According to a survey, slightly more than half of the public (55 percent) think that an EHR system can reduce the number of medical mistakes (Chapter 4, n.d.). The same survey shows that 60 percent of respondents think than an EHR system can make healthcare services less expensive, and 54 percent claim that they would rather choose a personal physician who employs an EHR system than one who does not. The researchers go on to argue that EHR systems facilitate successful performance, increase customer satisfaction, and decrease costs. These data reflect public expectations from EHR systems, and it can be stated that those systems are viewed by the majority as positive.
In this regard, I stand with the majority: I believe in the benefits of EHR systems described above. First of all, an EHR system is a much more organized way of keeping records than paper-based systems, which is why the risk that the data will be confused or lost is decreased. Second, I think an important aspect of EHR systems is the issue of safety, which I think should be one of the main considerations in adopting certain systems of patient records. Upon their research, Sittig and Singh (2012) propose goals and objectives for developing safer EHR-enabled healthcare systems. However, the authors acknowledge from the very beginning that EHR is a safer approach to patient recording than employing paper-based systems.
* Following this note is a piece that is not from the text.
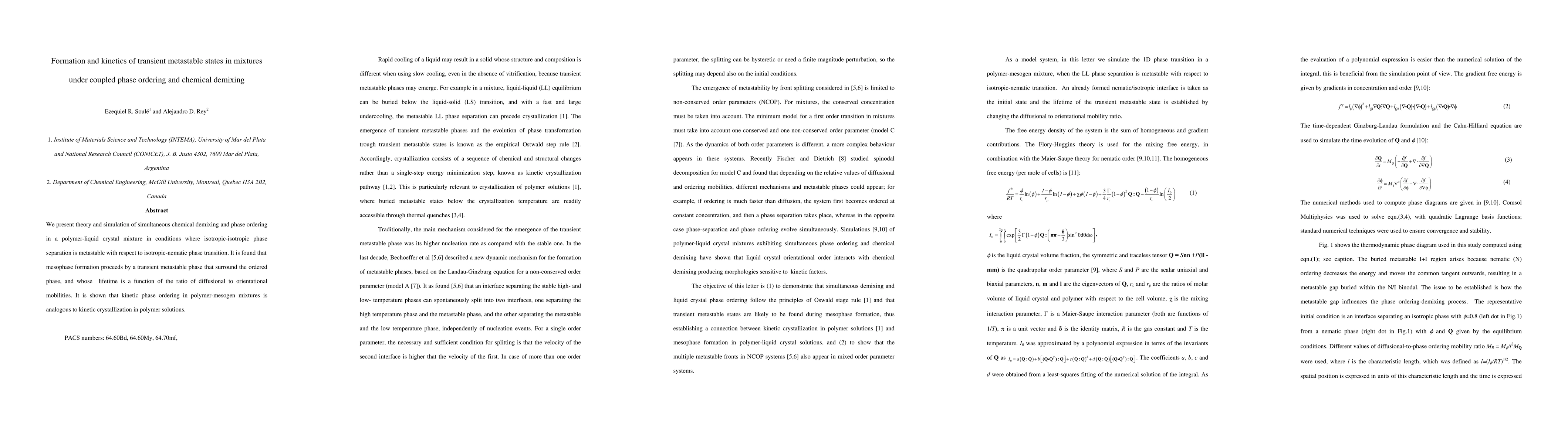 This paper develops a theoretical and simulation framework to study the formation and kinetics of transient metastable states in polymer-liquid crystal mixtures undergoing coupled phase ordering and chemical demixing. It reveals that mesophase formation involves a transient metastable phase, whose lifetime depends on the ratio of diffusional to orientational mobilities, and compares this process to kinetic crystallization in polymer solutions.

What is meant by safety in this context is that patients’ data are less likely to be accessed by unauthorized persons, misused, or abused? It is also suggested in the research that EHR systems help protect patients and facilitate reporting to patient-safety organizations.
Finally, I recognize one more benefit of EHR systems that makes them principally different from paper-based systems: electronic records can be stored in databases that can be accessed across facilities. It means that, if a patient travels to another town and seeks medical care there, his or her previous health records can be easily retrieved and considered by the medical staff. In case the patient had not used EHR systems, such retrieval would be problematic. It should be acknowledged that this benefit is not only for those who travel a lot but virtually for everyone.
Any patient may face the need to go to several different healthcare facilities, and the coordination between them may become a crucial factor in providing thorough and comprehensive care. Goetz, Kuzel, Feng, DeShazo, and Love (2012) conducted a qualitative study among practitioners to explore the benefits of employing EHR systems. Their results showed that medical staff found EHR systems more convenient in terms of storing and accessing patient information and more suitable for organizing office operations. But the key benefit recognized by the respondents was that EHR systems make a positive contribution to the coordination of care. However, disadvantages were described, too. They included costs of adoption and maintenance, insufficiency of knowledge about the way EHR systems work, and the necessity to transform traditional office operations.
I use an EHR system because I believe that, in the modern world, we should use the benefits of technological progress to improve various aspects of our lives, including healthcare. I would prefer seeing a physician who has an EHR system rather than one who does not. I believe that EHR systems improve the coordination of care and the safety of data. I am not sure if they save money to a significant extent, and there is still a debate on it among researchers, but the other benefits seem evident to me.
Chapter 4: Electronic health records. (n.d.). Web.
Goetz, G. D., Kuzel, A. J., Feng, L. B., DeShazo, J. P., & Love, L. E. (2012). EHRs in primary care practices: Benefits, challenges, and successful strategies. The American Journal of Managed Care, 18(2), 48-54.
Sittig, D. F., & Singh, H. (2012). Electronic health records and national patient-safety goals. New England Journal of Medicine, 367(19), 1854-1860.